Gesendet von meinem E5823 mit Tapatalk


----------



## aquabiologist (Sep 8, 2017)

Hmm

According to this:

http://www.fieldlines.com/index.php?topic=149371.0

It seems something like 18.46 rpm per volt?

Gesendet von meinem E5823 mit Tapatalk


----------



## dcb (Dec 5, 2009)

well, there may be things going on in the fancy leaf controller that are boosting the voltage output, come to think of it there has to be (it can regen a 400v pack down to a couple mph). Controllers are a buck converter when feeding the motor, so they can be boost converters going back the other way. I'm sure it has to be synced with the shaft magnetic position though.


----------



## aquabiologist (Sep 8, 2017)

Thanks for your input on regen. 

I was more thinking about max speed i get if the motor was run at lower voltage.

Doing some more thinking now i guess:

As torque is constant up to ca. 2730 rpm and torque drops at higher rpm i guess voltage @ motor increases from 0 to 360/sqrt(2) volts from 0 to 2730 rpm?

Above 2730 rpm more rpm is done with phase advance and thus torque drop?

So then: kv would be more like 10.6 rpm / motor volt

Gesendet von meinem E5823 mit Tapatalk


----------



## dcb (Dec 5, 2009)

you will probably be able to extract more useable power out of it using a controller fyi, like when it is spinning too slow for the pack, and better power factor. But you would need a buck converter feeding the pack also if the pack voltage is lower than the max anticipated output from the generator. Even if you just rectify the output of the generator you will want a buck converter, or at least something, to control the current and shut it off. 

re: K/V, yah I was going to suggest looking at the torque graph. drops off at about 2700 rpm, and it is a 360v nominal pack, which figures to 7.777K/V but it is under a heavy load too with additional losses and interactions, so not exactly, K/V is a no-load measurement. The rest of the graph is field weakening, which seems unlikely to be much concern if you are considering a windmill, dunno what you have planned though. (edit, you did clarify, my bad)

If you just want to throw 180 volts at it I would scale it by 50% to the left and leave the grid numbers where they are and guess peak torque stops at ~1300 rpm (280nm).

edit: I don't know if the final taper on the right is representative, but if that is how it would drop off without field weakening, then KV could be as much as 5000rpm/360v.

edit2: I would imagine the efficiency part doesn't get scaled down in the attachment, but I was lazy.


----------



## dcb (Dec 5, 2009)

here, this one might be more realistic, just guessing. Hopefully you get the idea. So where w/360v you could make 150nm, @5000 rpm at 94% efficiency, at 180v @5000 rpm you can make 75nm at maybe 93% efficiency? Probably not real accurate at the extremes there though so I wouldn't count on it.


----------



## aquabiologist (Sep 8, 2017)

Thanks for the graphs, excellent!

Over the weekend I tried to excelify the leaf motor.

https://drive.google.com/file/d/0B6CR2c8c9UP-TjU2MGZBdE0yV21OSENfQzdMMnp2VUk5Vnc0/view?usp=drivesdk


Yellow fields are for input. Seems to match your predictions pretty well

Gesendet von meinem E5823 mit Tapatalk


----------



## dcb (Dec 5, 2009)

so one thing I forgot to mention, is with field weakening on a pm motor, since you can push it well past the pack k/v limit, you can't just shut off field weakening at high rpm.
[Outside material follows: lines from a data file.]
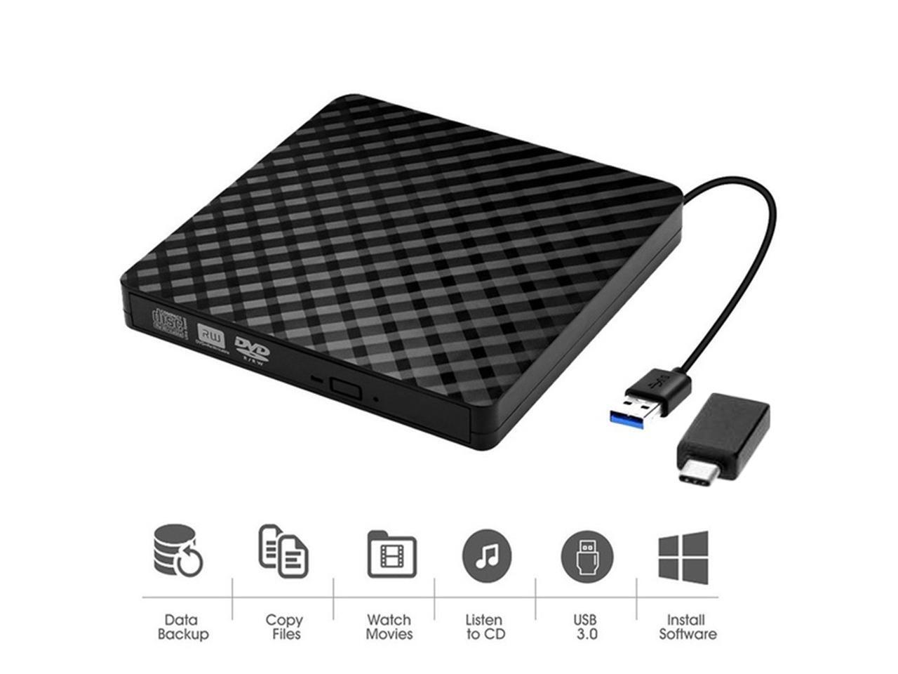 Jansicotek USB 3.0/Type-C External DVD Drive USB3.0 DVD RW CD Rewriter Burner Portable Optical Drive Player For PC Laptop Macs OS Windows 10 7 8 XP
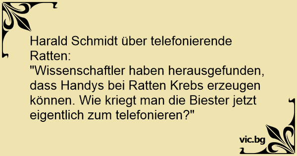 "Wissenschaftler haben herausgefunden, dass Handys bei Ratten Krebs erzeugen können. Wie kriegt man die Biester jetzt eigentlich zum telefonieren?"
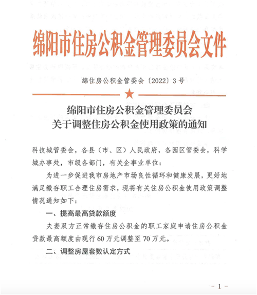 據四川省綿陽市住房公積金服務中心消息,5月16日,該中心下發《關于調整住房公積金使用政策的通知》,提高公積金貸款的額度,夫妻雙方正常繳存住房公積金的職工家庭申請住房公積金貸款最高額度由現行60萬元調整至70萬元。
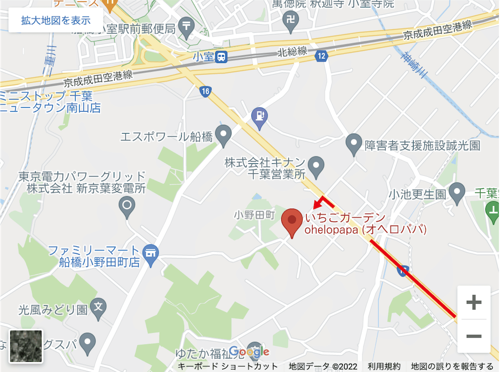 住所 住所:千葉県船橋市小野田町743電話番号:047-460-9122定休日:毎週月曜日メール:contact@ohelo-papa.com ・ルート案内はこちら↓https://goo.gl/maps/nSh5AhcNpEAnfQr89 電車・バスでお越しの場合 〇北総鉄道「小室駅」をご利用の場合船橋駅行き/北習志野駅行き/三咲駅行きの新京成バスに乗車し、「変電所」バス停下車。「小室駅」→「変電所」(約5分) 〇新京成電鉄線「三咲駅」/「北習志野駅」をご利用の場合小室駅行きの新京成バスに乗車し、「変電所」バス停下車。「三咲駅」→「変電所」(約10分) 〇JR総武線・東武野田線「船橋駅」をご利用の場合小室駅行きの新京成バスに乗車し、「変電所」バス停下車。「船橋駅北口」→「変電所」(約30分) ・「変電所」バス停からは徒歩約10分で到着致します。・「変電所」バス停下車後、ファミリーマートと下記「ルート2」の案内地図を参考にお越しください。 千葉八千代方面よりお越しの方 1. のぼり旗手前の道を左折2. 100メートル直進 柏・野田方面からお越しの方 1. 小室交差点から、左手にあるファミリーマート手前の道を左折し直進2. 船橋メモリアルパークを過ぎた先にある十字路を左折

Also I don't know how suitable it is for a leaf motor, but a somewhat common thing to do with induction motors is to reconfigure them for a lower voltage, i.e. open it up and switch it from wye to delta (sqrt(3)), or reconfigure the poles in each phase to be in parallel (div by 2 or whatever). Occasionally folks will rewind them for lower voltage too, but that is a little involved. And a second hand leaf pack is like $2000, so hard to justify except in space limited scenarios.

so paralleling fields increases the k/v by two (depending how much paralleling you do, depending on number of poles). but reduces the k/t by two, so you need twice as many motor amps for the same torque, but you doubled the number of conductors so it should be ok. With those constraints and a suitable battery/controller you can get back close to the original graph at a different voltage, though switching losses will be greater. rewinding has a similiar effect, increases conductor cross section and reduce number of effective turns, only a bit more precise about matching to a specific voltage instead of 360/2.


----------



## aquabiologist (Sep 8, 2017)

Overvoltage at high rpm with regen seems to be a problem then. You say you cant just turn off field weakening. Why?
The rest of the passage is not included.